Extended Data Figure 5. Relationship between bidirectional and unidirectional connections and RF properties.

a, EPSP amplitude plotted against RF correlation from bidirectionally (red) and unidirectionally connected pairs (black). Replotted from Fig. 2g. b, EPSP amplitude for bi- or unidirectional connections. Bidirectional connections were stronger than unidirectional connections (median connection amplitude: 0.44 mV for bidirectional connections, n = 22; 0.16 mV for unidirectional connections, n = 50; P = 4.4 × 10⁻⁴, Wilcoxon rank-sum test). c, RF correlation for bidirectionally connected, unidirectionally connected and unconnected pairs. The RFs of bidirectionally connected pairs were more correlated than those of unidirectionally connected or unconnected pairs (median RF correlation: 0.3 for bidirectionally connected pairs, n = 11; 0.04 for unidirectionally connected pairs, n = 50; P = 0.002; and −0.02 for unconnected pairs, n = 191, P = 5.3 × 10⁻⁵), although unidirectionally connected pairs did not have higher RF correlations than unconnected pairs (P = 0.18, Wilcoxon rank-sum test). d, Mean EPSP amplitude versus RF correlation for all (yellow), unidirectionally (black) or bidirectionally (red) connected pairs. There was a positive relationship between RF correlation and connection amplitude for both unidirectional and bidirectional connections.

Extended Data Figure 6. Method of RF normalization.

a, We normalized postsynaptic RFs to a template RF that was a vertical Gabor with 0 degree phase and an arbitrary but fixed spatial frequency (far right). A Gabor was fit to the RF of each postsynaptic neuron, and then rotated, translated and scaled so that the ON subfield was centred on the template’s ON subfield and the spatial frequencies matched. The same transformation was applied to presynaptic RFs of any simultaneously patched neurons. b, Transformation of the RF from an example postsynaptic neuron (upper row), and for the RF for its connected presynaptic neuron (middle row). Bottom row shows presynaptic RF outline overlaid on the postsynaptic RF at each step in the transformation.

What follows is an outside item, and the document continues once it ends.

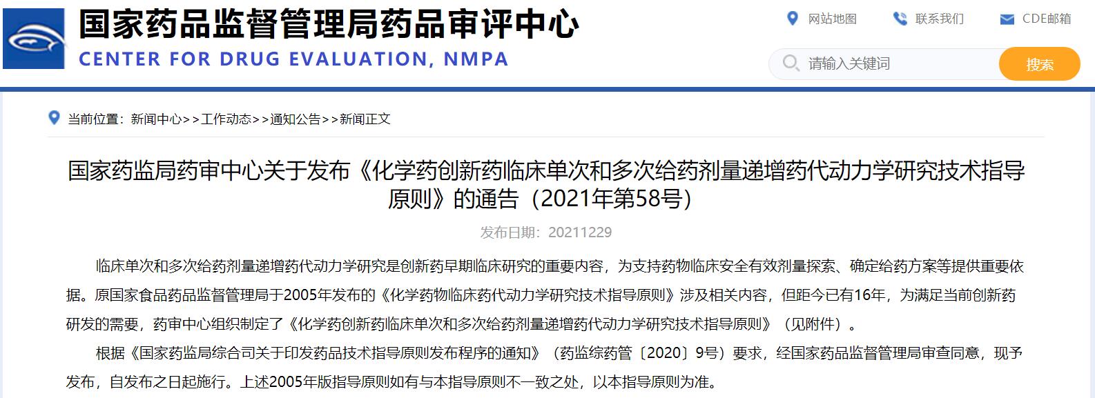 國(guó)家藥監(jiān)局藥審中心關(guān)于發(fā)布《化學(xué)藥創(chuàng)新藥臨床單次和多次給藥劑量遞增藥代動(dòng)力學(xué)研究技術(shù)指導(dǎo)原則》的通告(2021年第58號(hào))

Extended Data Figure 7. Overlay of RFs between connected neurons.

Presynaptic RF outline overlaid on the postsynaptic RF for all the connected pairs after performing normalization of the pre- and postsynaptic RFs to the RF template (n = 45). Numbers indicate connection amplitude.

Extended Data Figure 8. Overlay of RFs between unconnected neurons.

Assessed presynaptic RF outlines overlaid on the assessed postsynaptic RF for a representative set of unconnected pairs after normalization to the RF template.

Extended Data Figure 9. Contribution of strong and weak connections to membrane potential depolarization.

Removal of an increasingly larger fraction of the strongest inputs from the L2/3 model steeply reduces the large modulation component (F1) but more gradually reduces the mean depolarization component (F0). Model from Fig. 4d. Purple arrow indicates the weakest 75% of connections, as shown in Fig. 4i, j.